Problem details: Skip the pictures. Give all the data again exactly.

Provided material:

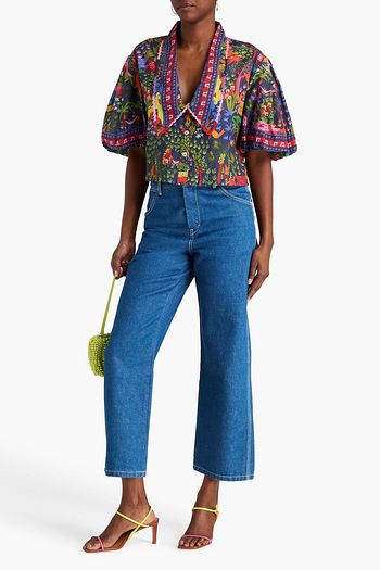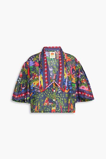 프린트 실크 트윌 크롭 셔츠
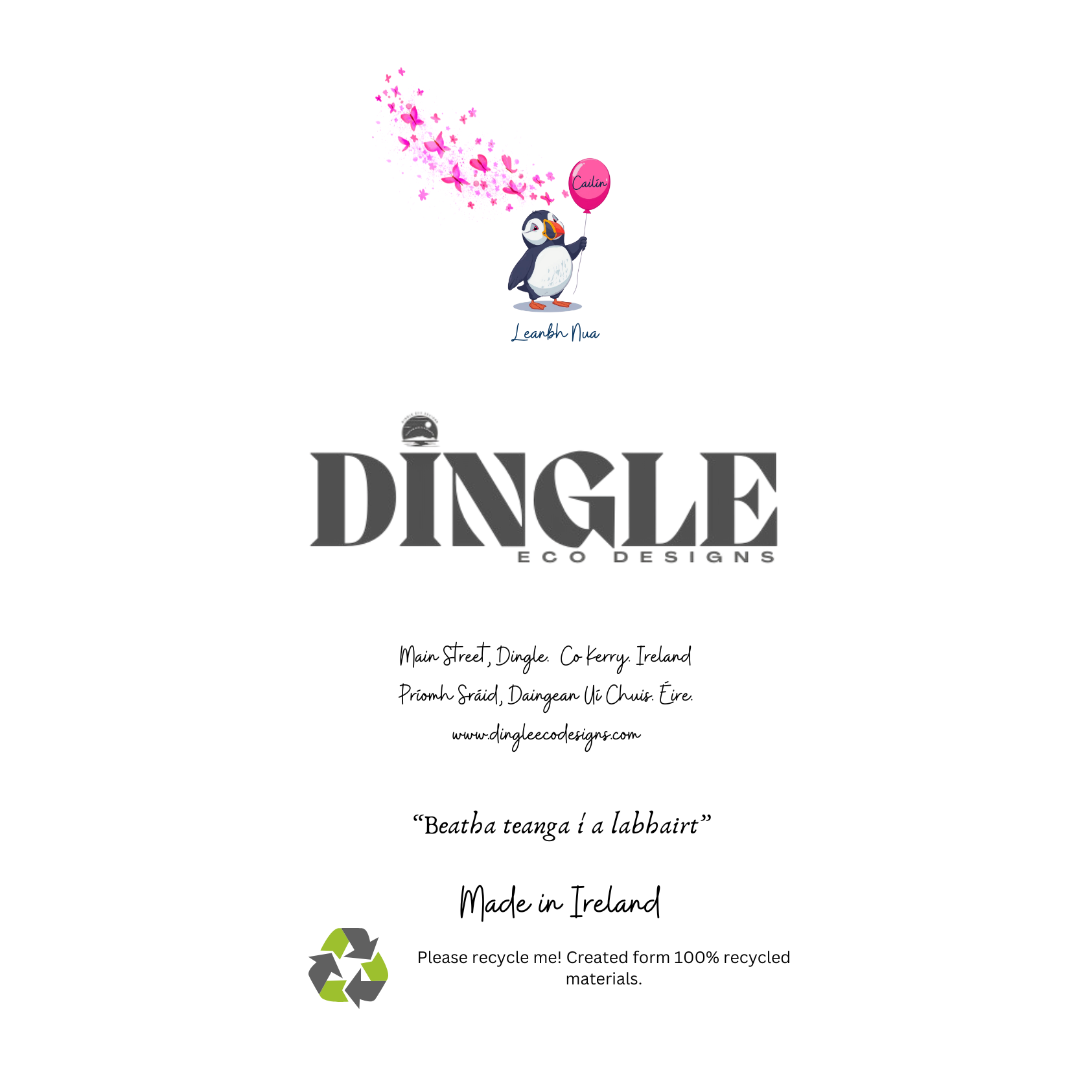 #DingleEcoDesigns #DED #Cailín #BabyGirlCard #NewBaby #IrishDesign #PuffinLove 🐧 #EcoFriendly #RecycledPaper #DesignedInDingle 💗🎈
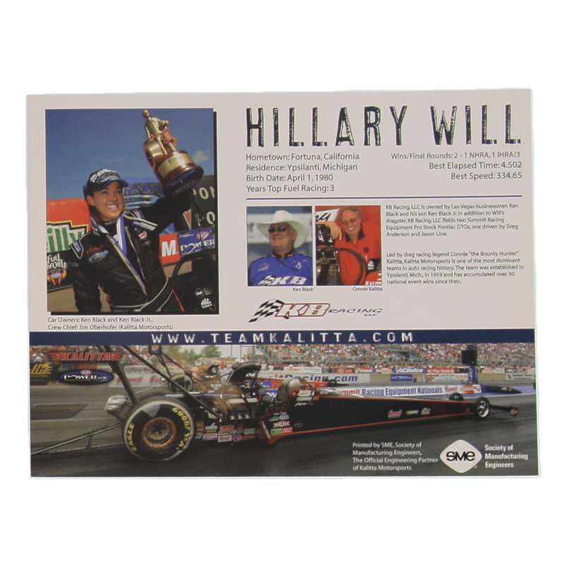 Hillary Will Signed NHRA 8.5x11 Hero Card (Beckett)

Task solution:
 프린트 실크 트윌 크롭 셔츠
 #DingleEcoDesigns #DED #Cailín #BabyGirlCard #NewBaby #IrishDesign #PuffinLove 🐧 #EcoFriendly #RecycledPaper #DesignedInDingle 💗🎈
 Hillary Will Signed NHRA 8.5x11 Hero Card (Beckett)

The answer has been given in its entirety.